The SOC 2 framework is built on five Trust Services Criteria (formerly called the Trust Services Principles), defined by the American Institute of Certified Public Accountants (AICPA).

These Trust Services Criteria are the basic elements of your cybersecurity posture. They include organization controls, risk assessment, risk mitigation, risk management, and change management.

The five Trust Services Criteria are: 

  • Security: Protecting information from vulnerabilities and unauthorized access
  • Availability: Ensuring employees and clients can rely on your systems to do their work 
  • Processing integrity: Verifying that company systems operate as intended
  • Confidentiality: Protecting confidential information by limiting its access, storage, and use
  • Privacy: Safeguarding sensitive personal information against unauthorized users

Security is the only TSC required for every SOC 2 audit. Additional criteria are optional based on the services you provide to your customers.

Many organizations don’t have the resources to bring their information security systems and internal controls into compliance with every TSC.

It’s best to pursue the TSC that you’re closest to achieving or those that will have the most significant impact on your organization. You can always go for the others later.

What are the Five AICPA Trust Services Criteria?

1. Security

The Security Trust Criteria is all about protecting information from unauthorized disclosure.

The Security Criteria are also known as the Common Criteria.

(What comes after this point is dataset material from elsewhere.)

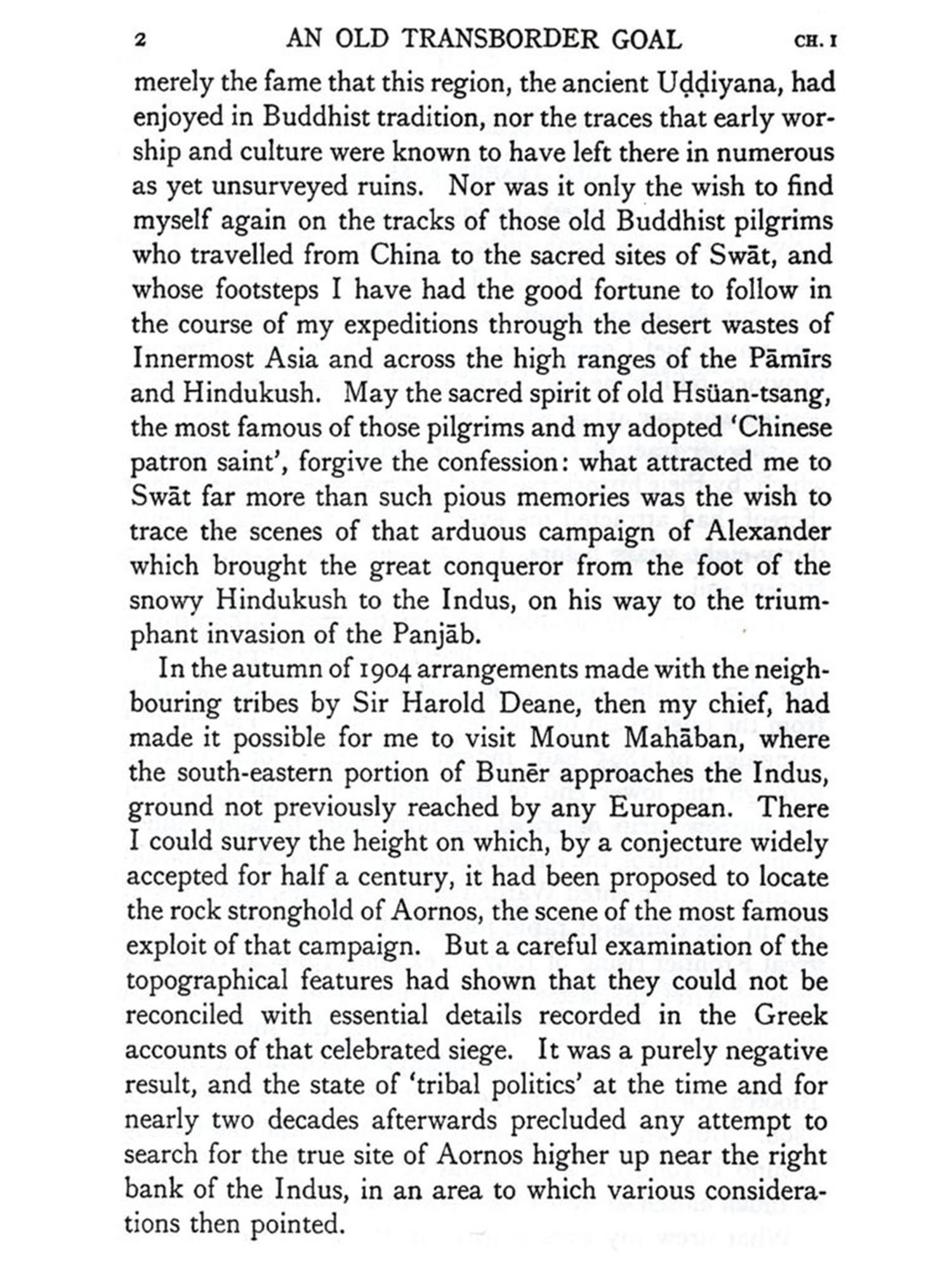 A kindly Fate, and sympathetic comprehension on the part of those who officially dispense it, have enabled me, during intervals of my forty-one years' Indian service, to carry out explorations over the greater part of Innermost Asia, and along the whole of those north-western borderlands of India which by their historical past have powerfully attracted me since my early youth. These travels, devoted to antiquarian and geographical research, have taken me from westernmost China right through Central Asia and from the snowy Pamir ranges down to the desolate coast of the Ikhthyophagoi by the Arabian Sea. But nowhere did they touch ground so replete with historical interest as in that comparatively small area to the west of the Indus which Alexander's march of conquest towards India for a brief span of time illuminates as it were with the light of a meteor.

They prove that a service organization’s systems and control environment are protected against unauthorized access and other risks.

Security is the only Trust Services Criteria required for every SOC 2 audit. The other criteria can be added to your report scope if your organization chooses, but they are not required to achieve SOC 2 compliance.

2. Availability

The Availability Criteria determine whether your employees and clients can rely on your systems to do their work.

Some examples are data backups, disaster recovery, and business continuity planning. Each of these minimizes downtime in the event of an outage. For instance, if your data center is flooded, you have multiple power and computing redundancies. This ensures that data is available even in the event of hardware failure.

Consider adding to your SOC 2 if:

  • You offer a continuous delivery or deployment platform.
  • An outage would prevent your clients from building or deploying changes to their services. (E.g., cloud computing or cloud data storage providers)

3. Processing Integrity

The Processing Integrity Criteria determine whether a system works properly. Does it perform its intended functions without delay, error, omission, or accidental manipulation?

This isn’t the same as data integrity — a system can work properly with incorrect data. For example, say you’re an e-commerce company. If a customer can complete the process of placing an order,  your company meets the Processing Integrity Criteria.

Now say the customer accidentally enters the wrong address. This is an example of poor data integrity. You may still meet the processing integrity requirement. Your system works the way it’s supposed to, delivering that item to the address specified. It just won’t arrive on the right customer’s doorstep.

Consider adding to your SOC 2 if:

  • You provide financial reporting services, or you're an e-commerce company.
  • You need to ensure your transaction processing is accurate to combat fraud.

4. Confidentiality

The Confidentiality Criteria evaluates how organizations protect confidential information. I.e., by limiting its access, storage, and use. It can help organizations define which individuals can access what data and how that data can be shared. This ensures that only authorized people can view sensitive information, like legal documents or intellectual property. 

Consider adding to your SOC 2 if:

  • Your organization handles confidential information. Examples include financial reports, passwords, business strategies, and intellectual property.

5. Privacy

This TSC looks at how an organization's control activities protect customers’ personally identifiable information (PII). It also ensures that a system that uses personal data complies with the AICPA’s Generally Accepted Privacy Principles.

Name, physical address, email address, and Social Security number are a few examples of information that falls under this privacy category. Data like health, race, and sexuality may be pertinent to privacy for some companies and service providers, too.

Consider adding to your SOC 2 if:

  • Your organization gathers, stores, uses, preserves, reveals, or disposes of personal information.